Greece’s road to economic recovery will be long and hard; public unrest rises
Greece is a country where the shelf life of the prime minister and other political leaders is measured in months, rather than years, where the work ethic of the Greeks has been questioned and where tax cheating is viewed as a right of citizenship. Thus, skepticism abounds over the ability of that ancient land to come to grips with modern-day economic realities.
Although the Greek parliament has adopted austerity measures that will continue – and even exacerbate – the pain and suffering that the people have experienced for the last several years, there’s no guarantee of recovery. That’s because the systemic problems that brought about the collapse of the Greek economy are so deeply rooted, it will take years to address.
Indeed, strict limits on cash withdrawals from the banks that reopened Monday after a three-week shutdown and higher taxes on everything from coffee to diapers point to a bleak outlook.

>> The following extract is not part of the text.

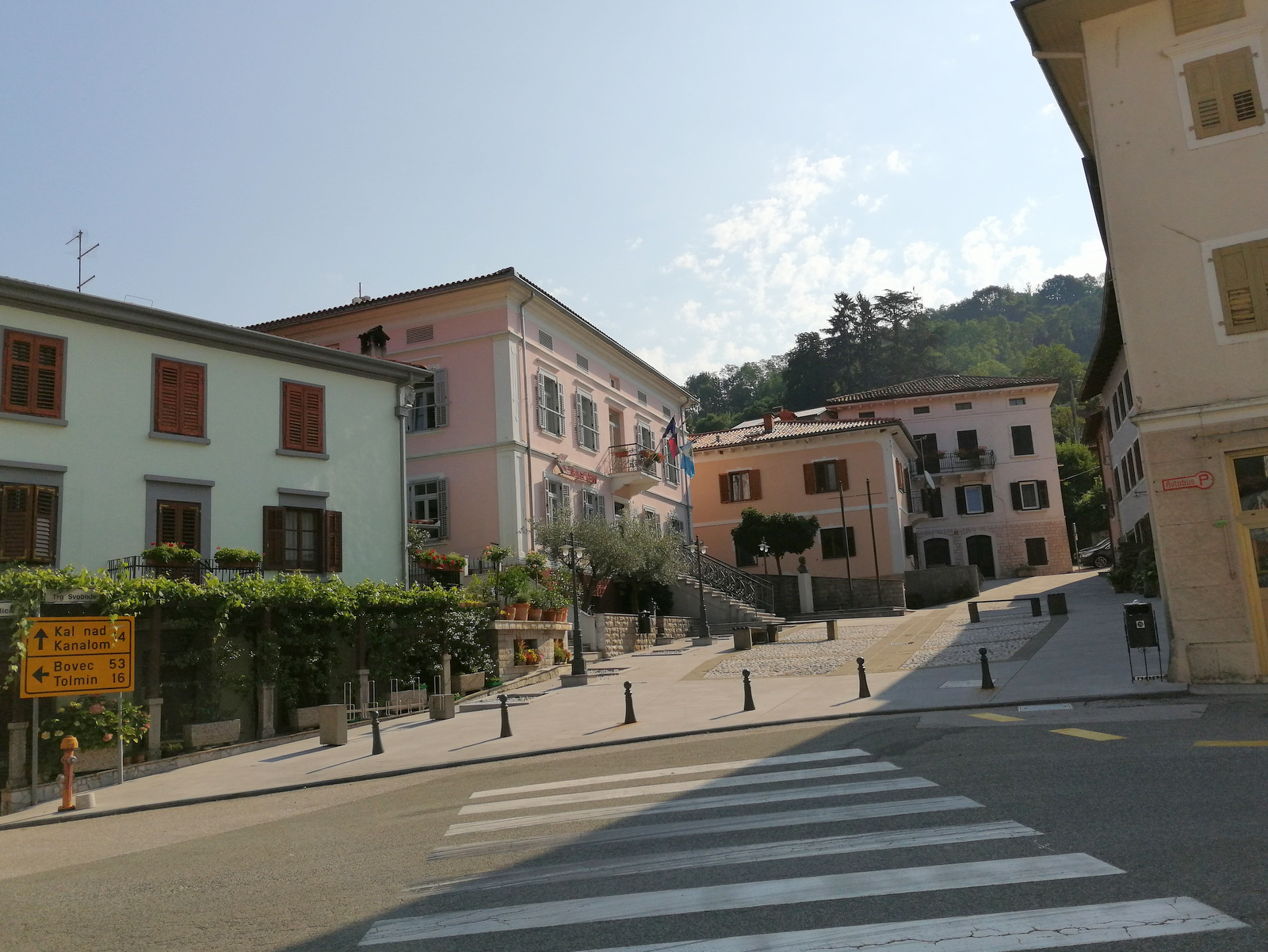 Stari del mesta, t.i. Kontrada, stoji na ozki terasi levega brega Soče in ima okrog osrednjega trga Na placu in ob Gasi ozke ulice v sklenjeni pozidavi. Od nekdanjega obzidja, ki je nekoč obdajalo naselje, so ostali le štirje stolpi oz. bastijoni: na Kontradi je preurejen v Galerijo Rika Debenjaka, v vogalnem stolpu se nahaja gostilna, tretji je skrit med hišami v središču naselja, četrti pa je porušen. Kontrado, ki je osrednji prostor kulturnega dogajanja v poletnih mesecih, obdaja kompleks z Gotsko hišo, Kolarjevo hišo, ki je delno preurejena v razstavni prostor, galerijo in spominsko sobo grafika Rika Debenjaka. Tu je tudi nekaj lokalov, kjer se velja usesti in opazovati domačine.
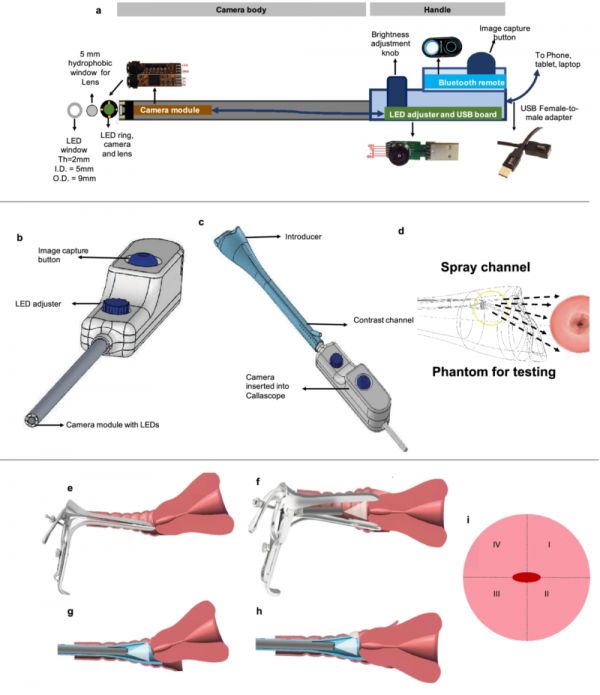 上面的两种方法依然需要把阴道壁扩张开,以便医生直接观察宫颈和进行操作。麻省理工学院的研究者绕过扩张过程,设计了一种装有200万像素摄像头的装置,让人们可以通过显示在屏幕上的视频看到宫颈。

But, such draconian measures were demanded by European creditors in return for a short-term loan to pay more than $6 billion euros ($6.5 billion) owed to the International Monetary Fund and the European Central Bank. Nonpayment would have derailed Greece’s latest bailout request.
Cuts in pensions
But the pain doesn’t end with the tax increases and the limits on cash withdrawals from the banks. Pensions are being cut, a move that has triggered widespread dissent and rioting. Indeed, the package of economic reforms, described by many Greeks as a modern-day financial coup launched by Greece’s eurozone partners, was harshly criticized by the head of the left-wing Syriza party, Alexis Tsipras, who rode his nationalistic message to victory.
However, Prime Minister Tsipras, faced with the very real possibility of his country being tossed out of the euro- zone, was forced to yield to pressure from the 18 other countries that use the euro as their currency. While Tsipras was between a rock and a hard place, many of his political allies have accused him of breaking his campaign promise of standing up to the bullies in Europe led by Germany.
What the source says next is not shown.